Notas iniciais
Tá tarde,o capítulo tá enorme(não me matem) Então,apenas algumas coisas: tem amorzinho,tem fofurinha e tem uma surpresa no final As músicas: what you want - john butler trio(pra surpresinha no final) - cês vão amar pq ela combina bastante - e pode ser flashlight da jessie j(só pro resto do capítulo não ficar sem trilha) scrr Boa leitura!! :)) p.s.: os cometários eu agradeço E JURO QUE VOU RESPONDER A TODOS!!!

Eram precisamente duas da manhã quando Robin acordou com um som fraco e persistente;como uma risada de criança ou algo parecido."Mas quem são os malucos que têm forças para estarem acordados a essa hora?!",pensou e virou para o outro lado,agradecendo aos deuses quando o barulho cessou."Se eu perdesse mais uma noite de sono,juro por tudo que é mais sagrado que eu mataria um amanhã" e fechou os olhos.

Alguns minutos depois,ele ouviu a risada de novo."Isso é sério?!",resmungou,jogando os pés pra fora da cama,indo até a janela do quarto de hóspedes e olhando lá fora.A rua estava calma e silenciosa.Então mais uma vez ele ouviu a risada."É melhor que não seja Henry no videogame ou o Roland assistindo desenhos.",pensou irritado,enquanto calçava os chinelos.
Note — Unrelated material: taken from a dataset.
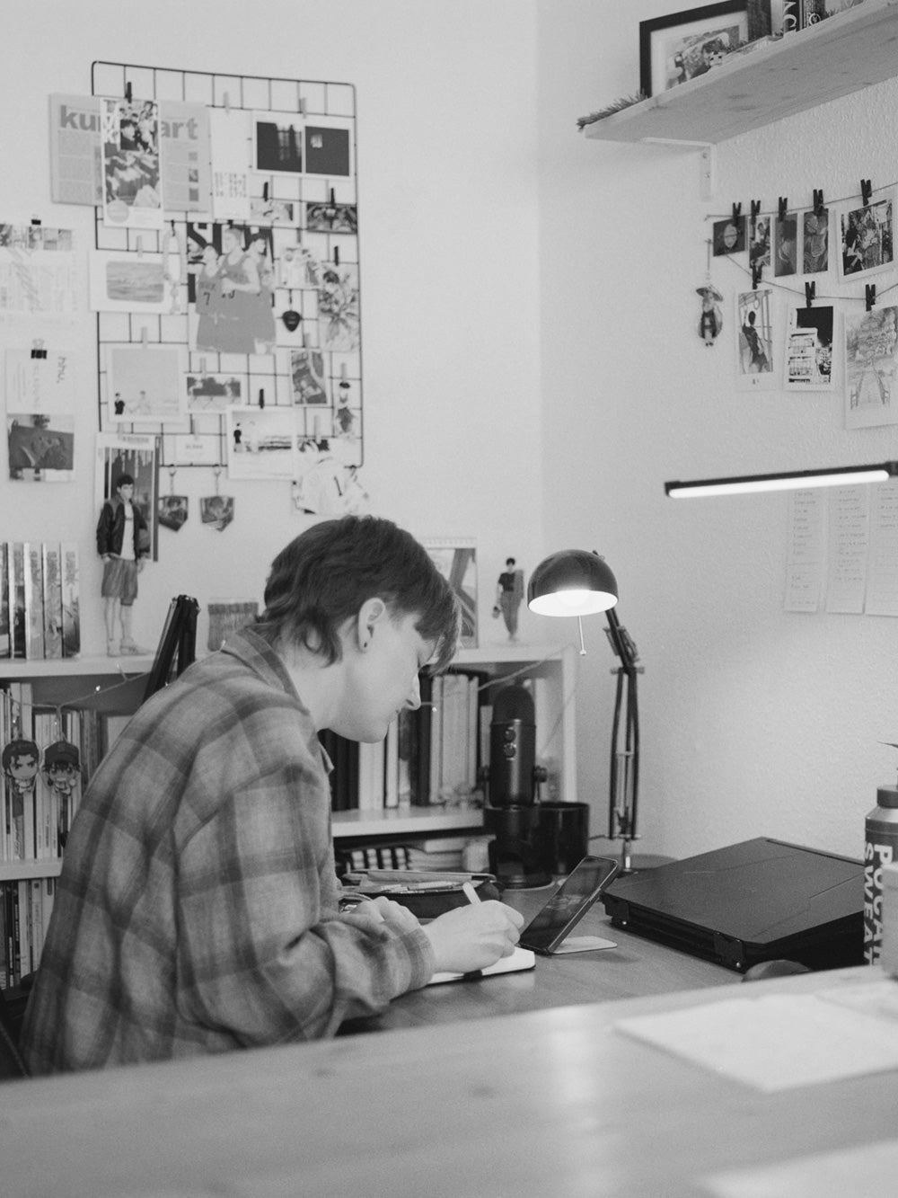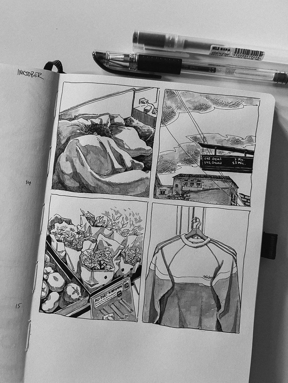 In meinen Skizzenbüchern halte ich am liebsten flüchtige Momente aus dem Alltag fest – leise, unscheinbare Dinge, die oft übersehen werden. Dabei zeichne ich meist traditionell mit Bleistift und Tusche auf Papier, und arbeite mittlerweile auch an meinen ersten eigenen Geschichten.

Saindo do quarto,a primeira coisa que fez foi checar o filho mais velho.Empurrou devagar a porta de Henry,que estava entreaberta,apenas para encontrar o filho ressonando;o cansaço visível em sua expressão.Foi então em direção ao quarto de Roland e mais uma vez,o que encontrou foi apenas o pequeno agarrado ao golfinho e ao macaco de pelúcia,resmungando algumas coisas durante um sonho.

Então,a risada de novo ecoou em seus ouvidos."Deus,me diga,o que eu fiz pra merecer isso mesmo?!" e revirando os olhos,continuou sua peregrinação pelo labirinto que era a mansão de Regina.Conforme ia andando,a cada vez que ouvia a risada,esta parecia mais perto.Foi aí que,descendo as escadas,notou que uma das portas do lado esquerdo da sala de estar estava entreaberta;era o escritório da morena.Se dirigiu até lá e,parando na porta e observando pela fresta,viu uma silhueta pequena,meio encolhida em uma espécie de sofá,de frente para a televisão,assitindo algo que o britânico não conseguiu distinguir.

Robin então colocou a mão na maçaneta e devagar começou a empurrar a porta,tentando fazer o mínimo de barulho possível.Um soluço baixo e reprimido encheu o ambiente e ele viu que era Regina sentada no sofá.Abrindo mais um pouco a porta,ele parou onde estava ao ver o vídeo que passava no aparelho.O aniversário de 4 anos de Milagros.

"Mamãe,mamãe!Olha o que a Meg me deu!" — a menina agitava uma coroa vermelha que piscava no ar — "Não é liiiiiiiiiinda?!"

"Wow,que linda,meu amor!" — Regina,que usava um vestido branco de alças leve e uma sandália bege de salto,se abaixou para ficar do tamanho da filha — "Por que não mostra pro seu pai?" — ela sorriu e ajeitou o cabelo da menina

"Tá bom!" — Milagros abriu um sorriso banguela enorme e olhou para a câmera — "Papai,papai!Olha,olha,olha!" — mais uma vez ela agitou o adereço no ar e riu

"Nossa mas que coroa mais linda!" — a voz de Robin se fez ouvir e ele baixou a câmera para mais perto de si,a fim de capturar a expressão de felicidade da filha

"Agora eu sou uma verdadeira rainha!" — ela disse,colocando a coroa — "Se abaixe,súdito!" — a menina colocou uma expressão austera no rosto,empinando o nariz — "Não me desobedeça!"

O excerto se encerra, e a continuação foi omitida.